Much of the positive buzz Netflix has generated lately has to do with their original programming, which falls more into the TV side of the entertainment business. House of Cards was positively received, while the reviews were a bit more mixed for Hemlock Grove. And this Sunday, Arrested Development will return for its long-awaited/hoped-for fourth season, thanks to Netflix's delve into original programming and their willingness to back the series' revival. The subscription-based service's interest in original programming causes many to wonder if it's just a matter of time before Netflix begins making movies.
From what Netflix's Ted Sarandos told THR in a recent interview, on the feature side, it actually sounds like the service is content to focus on distribution.
There are some parts of it that are really appealing in that you tend to get a lot of the same fundamental benefits of original programming -- star power, excitement, event content -- on a smaller budget. And if you get proportionally the same amount of watching, that’s a good thing. The reason why I've shied away from original movies has been that there are so many more great movies that get made than ever get distributed, and I think we function better as a distributor for movies than we do as a creator or marketer of movies for now. But I probably would have said the same thing about TV shows three years ago.
It's true that Netflix has become somewhat of a hub for smaller films that might never have reached a significant audience if not for finding their way onto the service's substantial menu. That's one of the great things about Netflix. In some ways, the service is like that little local video store in your town that carried movies most people haven't heard of - let alone, have seen - and the recommendations feature is that movie-loving guy behind the counter who assures you that you must watch this movie. Sometimes he's right and sometimes he's way off. But the opportunity for something different and maybe a little bit rare is always there, for better or worse.

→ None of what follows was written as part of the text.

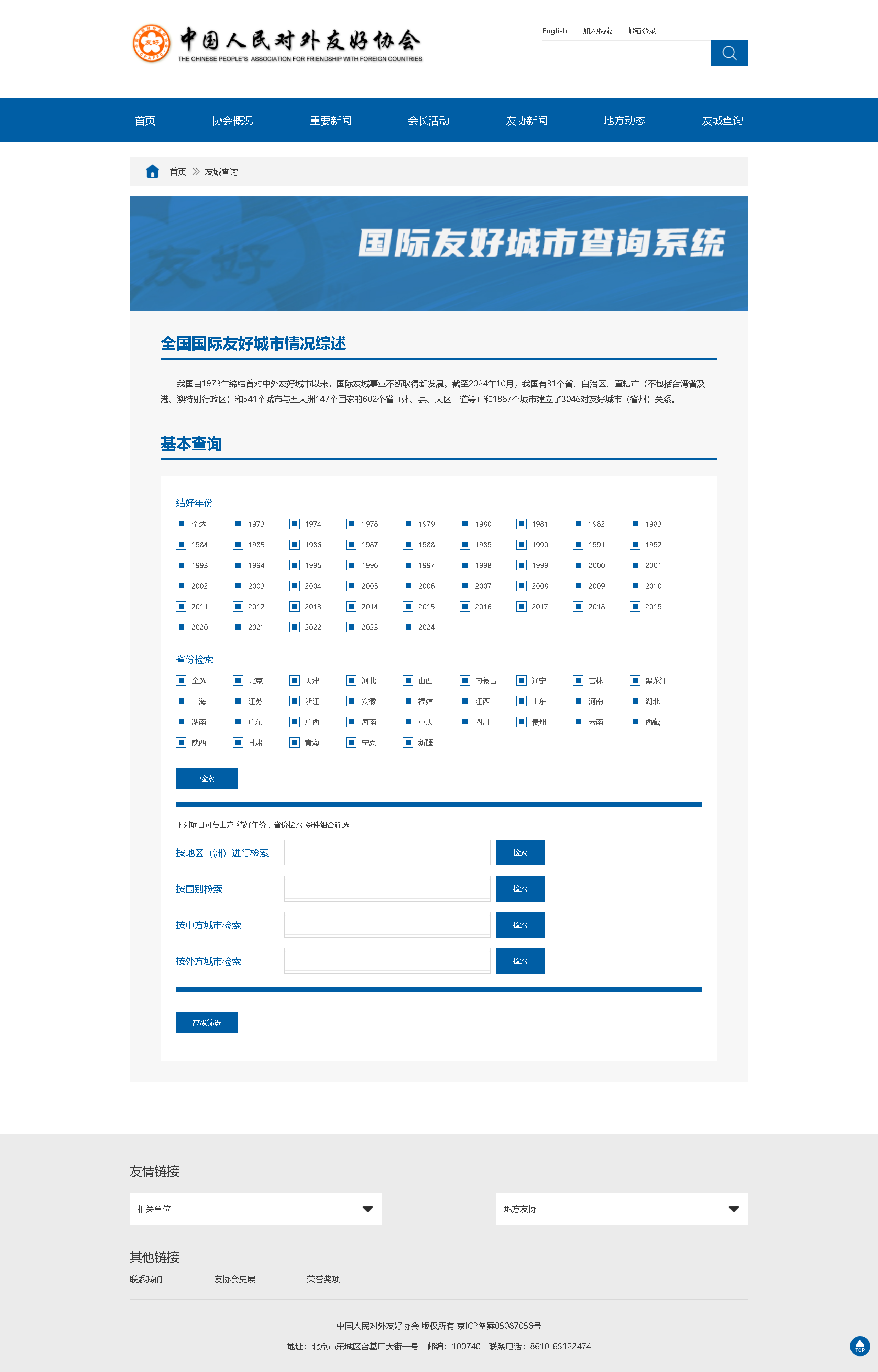 自1973年締結(jié)首對(duì)中外友好城市至今,我國(guó)31個(gè)省、自治區(qū)、直轄市和543個(gè)城市與147個(gè)國(guó)家的602個(gè)省州和1871個(gè)城市建立了3054對(duì)友好城市(省州)關(guān)系,建立起遍布五大洲的國(guó)際朋友圈和合作伙伴網(wǎng)。

And Netflix is open 24/7.
So, "for now," it doesn't sound like there any plans in the works to develop original movies, but Sarandos did indicate that he could change his mind on that down the line.
In addition to lesser known films, Netflix also distributes movies from big studios, but like cable networks, their deals will eventually expire. The service made headlines earlier this month over several studios' licensing agreements anticipated expiration and how it would affect more than a thousand titles' availability on Netflix. THR asked Netflix's Cindy Holland about that, and she equates it to the deals networks have with studios.
We’re programming our service, and just like any other network, there are movies and series that come and go and we have an enormous amount of content. It’s not like when HBO's window on a series of films expires the world ends.
I suppose it seems like a bigger deal for Netflix when we look at the quantity of TV shows and movies that the service carries and how many of them are pulled when their deals expire. The inclination to panic, or at the very least, overreact, may stem from the concern that Netflix won't be able to remain current and reliable in the content they provide subscribers, though they've continued to do so. These days, exclusivity also seems to be a priority, and that may be factoring into the deals the service is trying to make with studios, which also likely applies to services like Amazon Prime and Hulu.